Complete step-by-step answer:
A square matrix is said to be invertible if its inverse exists and is said to be non-invertible if its determinant is equal to zero.
\[\therefore \]A square matrix that is not invertible is called singular/ degenerate. Non-square matrices \[\left( m\times n \right)\] where \[m\ne n\] do not have an inverse. In some cases there are left inverse and right inverse.

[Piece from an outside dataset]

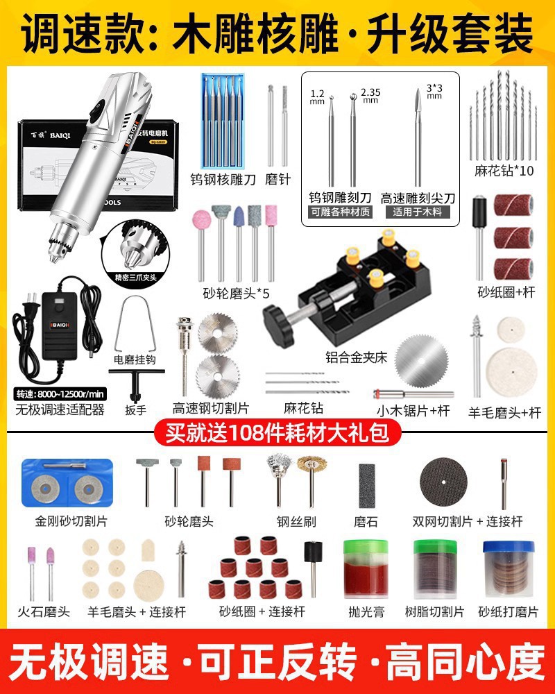 • 속도 조절이 가능한 새로운 모델: 목각 및 핵 조각 업그레이드 세트 + 무료 108pc

Given the matrix \[\left( \begin{matrix}
   2-k & 4 \\
   -5 & 1 \\
\end{matrix} \right)\]
Let’s write it as \[A=\left( \begin{matrix}
   2-k & 4 \\
   -5 & 1 \\
\end{matrix} \right)\]
As the matrix is non-invertible, the determinant of A is zero.
\[\left| A \right|=0\]
\[\left| \left( \begin{matrix}
   2-k & 3 \\
   -5 & 1 \\
\end{matrix} \right) \right|=0\]
To work out the determinant, multiply A by the determinant of the matrix that is not in a row or column and then sum up.
\[\begin{align}
  & \left[ \left( 2-k \right)\left( 1 \right) \right]-\left[ \left( 3 \right)\left( -5 \right) \right] \\
 & =\left( 2-k \right)-\left( -15 \right) \\
 & =2-k+15=0 \\
 & \therefore k=17 \\
\end{align}\]
\[\therefore \]Value of k = 17.

Note:
For the case of a non-invertible matrix, we took\[\left| A \right|=0\].
If the matrix was invertible, then \[\left| A \right|\ne 0\]but\[{{A}^{-1}}\].